PROVIDED MATERIAL -
------------------------------
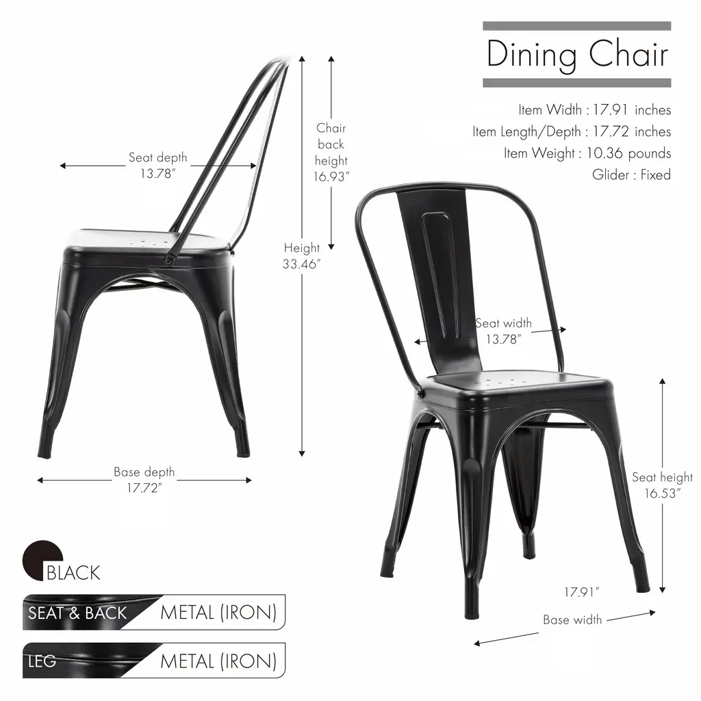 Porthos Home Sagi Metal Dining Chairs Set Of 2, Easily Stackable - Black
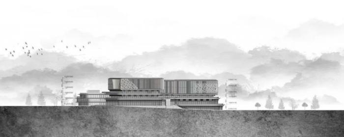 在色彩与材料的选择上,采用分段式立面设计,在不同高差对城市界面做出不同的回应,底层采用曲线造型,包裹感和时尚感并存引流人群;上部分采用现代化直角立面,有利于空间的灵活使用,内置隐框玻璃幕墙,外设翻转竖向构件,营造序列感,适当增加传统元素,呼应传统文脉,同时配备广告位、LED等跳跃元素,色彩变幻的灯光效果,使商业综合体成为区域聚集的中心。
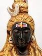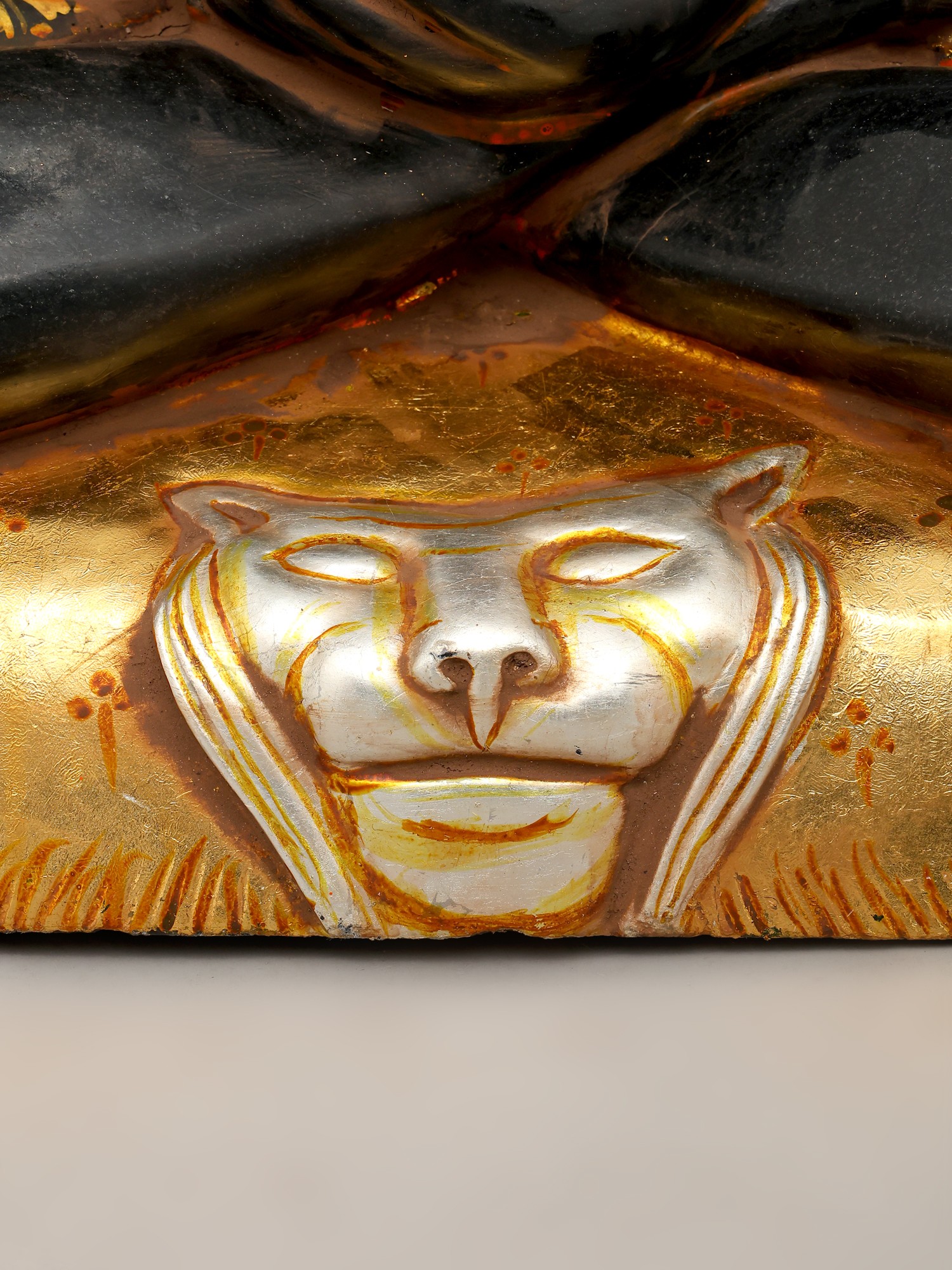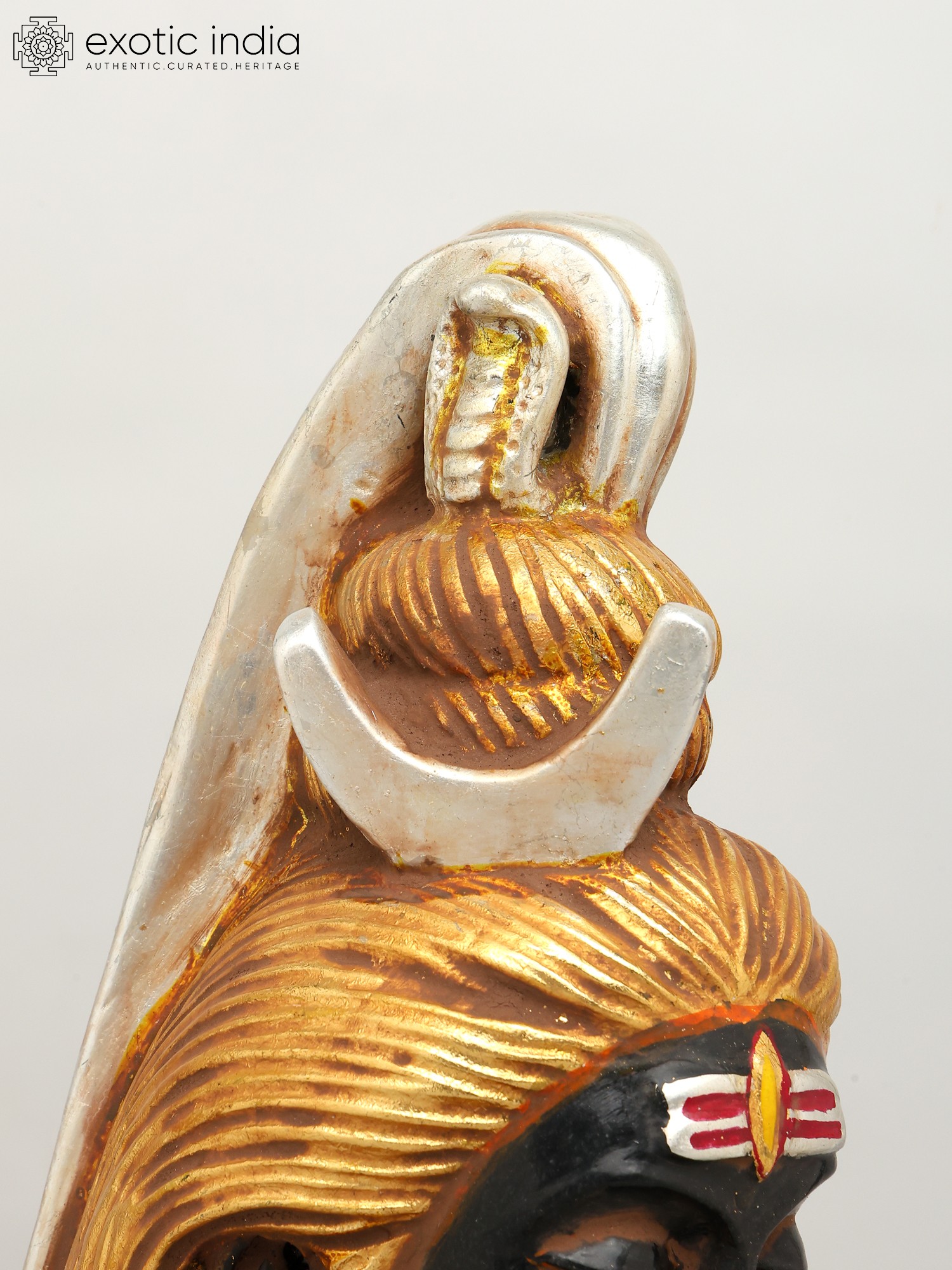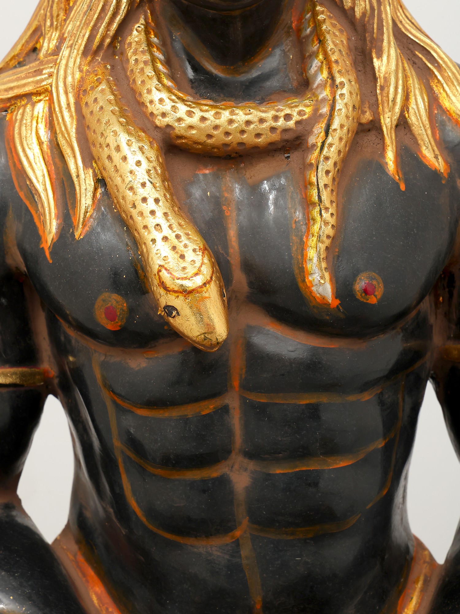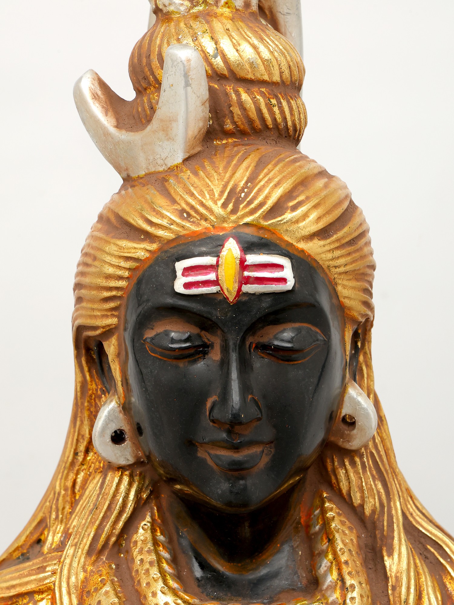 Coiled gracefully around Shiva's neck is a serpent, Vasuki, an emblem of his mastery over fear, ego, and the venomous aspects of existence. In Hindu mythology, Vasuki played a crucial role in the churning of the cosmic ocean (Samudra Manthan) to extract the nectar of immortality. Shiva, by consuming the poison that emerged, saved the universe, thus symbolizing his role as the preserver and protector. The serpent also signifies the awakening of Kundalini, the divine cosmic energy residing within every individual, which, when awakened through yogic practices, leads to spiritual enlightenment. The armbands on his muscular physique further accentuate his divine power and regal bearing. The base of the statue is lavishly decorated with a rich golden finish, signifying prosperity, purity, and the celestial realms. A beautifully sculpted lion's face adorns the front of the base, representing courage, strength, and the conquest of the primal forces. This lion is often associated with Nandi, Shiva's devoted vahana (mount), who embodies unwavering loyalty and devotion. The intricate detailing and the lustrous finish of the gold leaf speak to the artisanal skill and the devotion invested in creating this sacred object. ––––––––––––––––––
------------------------------
PROBLEM STATEMENT -
Leave every image out when you return the material above word for word.

EXPECTED ANSWER -
 Porthos Home Sagi Metal Dining Chairs Set Of 2, Easily Stackable - Black
 在色彩与材料的选择上,采用分段式立面设计,在不同高差对城市界面做出不同的回应,底层采用曲线造型,包裹感和时尚感并存引流人群;上部分采用现代化直角立面,有利于空间的灵活使用,内置隐框玻璃幕墙,外设翻转竖向构件,营造序列感,适当增加传统元素,呼应传统文脉,同时配备广告位、LED等跳跃元素,色彩变幻的灯光效果,使商业综合体成为区域聚集的中心。
 Coiled gracefully around Shiva's neck is a serpent, Vasuki, an emblem of his mastery over fear, ego, and the venomous aspects of existence. In Hindu mythology, Vasuki played a crucial role in the churning of the cosmic ocean (Samudra Manthan) to extract the nectar of immortality. Shiva, by consuming the poison that emerged, saved the universe, thus symbolizing his role as the preserver and protector. The serpent also signifies the awakening of Kundalini, the divine cosmic energy residing within every individual, which, when awakened through yogic practices, leads to spiritual enlightenment. The armbands on his muscular physique further accentuate his divine power and regal bearing. The base of the statue is lavishly decorated with a rich golden finish, signifying prosperity, purity, and the celestial realms. A beautifully sculpted lion's face adorns the front of the base, representing courage, strength, and the conquest of the primal forces. This lion is often associated with Nandi, Shiva's devoted vahana (mount), who embodies unwavering loyalty and devotion. The intricate detailing and the lustrous finish of the gold leaf speak to the artisanal skill and the devotion invested in creating this sacred object. ––––––––––––––––––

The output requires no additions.